_What the exercise asks:_
Copy the opening lines of the listing exactly, through and including the line with "This tattoo features"; do not copy any pictures.

_Listed entries:_

═══

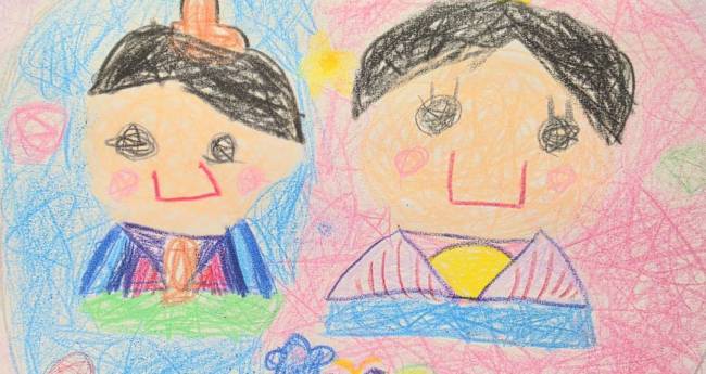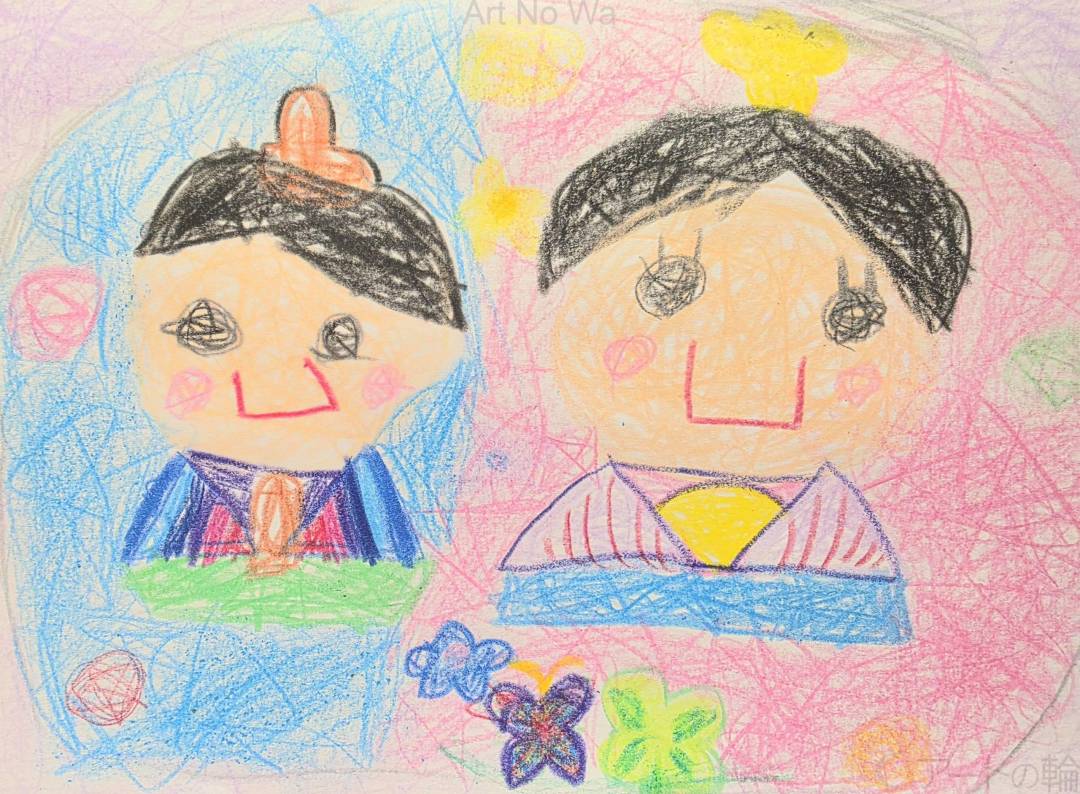 薄い色をいっぱい使ってかわいいおひな様とおだいり様を描いたよ
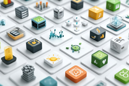 Isometric icons and digital symbols are neatly arranged on a grid background representing different technologies and concepts.
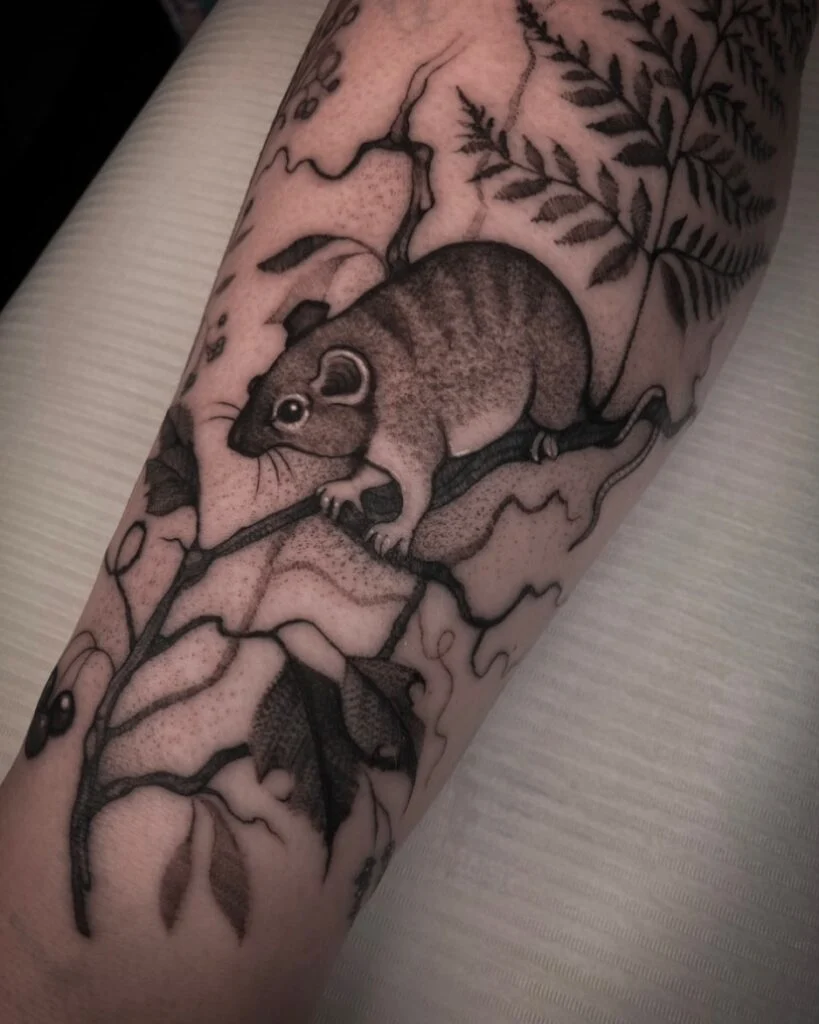 This tattoo features a delicate forest scene with a small woodland rodent perched on branches surrounded by leaves and ferns. The intricate linework and dot shading bring a realistic, almost storybook-like quality to the piece. Its placement on the arm makes it appear as though the creature is part of a living forest.
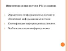 ИНФОРМАЦИОННЫЕ ПОТОКИ PR-КАМПАНИИ 1 Определение информационные потоки и
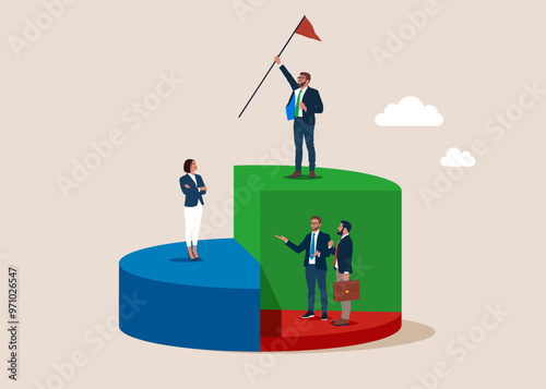 Success businessman holding flag standing on pie chart win over competitors. Business winning market share, earn high percentage of product sale.  Modern vector illustration in flat style

═══

_Result of the exercise:_
 薄い色をいっぱい使ってかわいいおひな様とおだいり様を描いたよ
 Isometric icons and digital symbols are neatly arranged on a grid background representing different technologies and concepts.
 This tattoo features a delicate forest scene with a small woodland rodent perched on branches surrounded by leaves and ferns. The intricate linework and dot shading bring a realistic, almost storybook-like quality to the piece. Its placement on the arm makes it appear as though the creature is part of a living forest.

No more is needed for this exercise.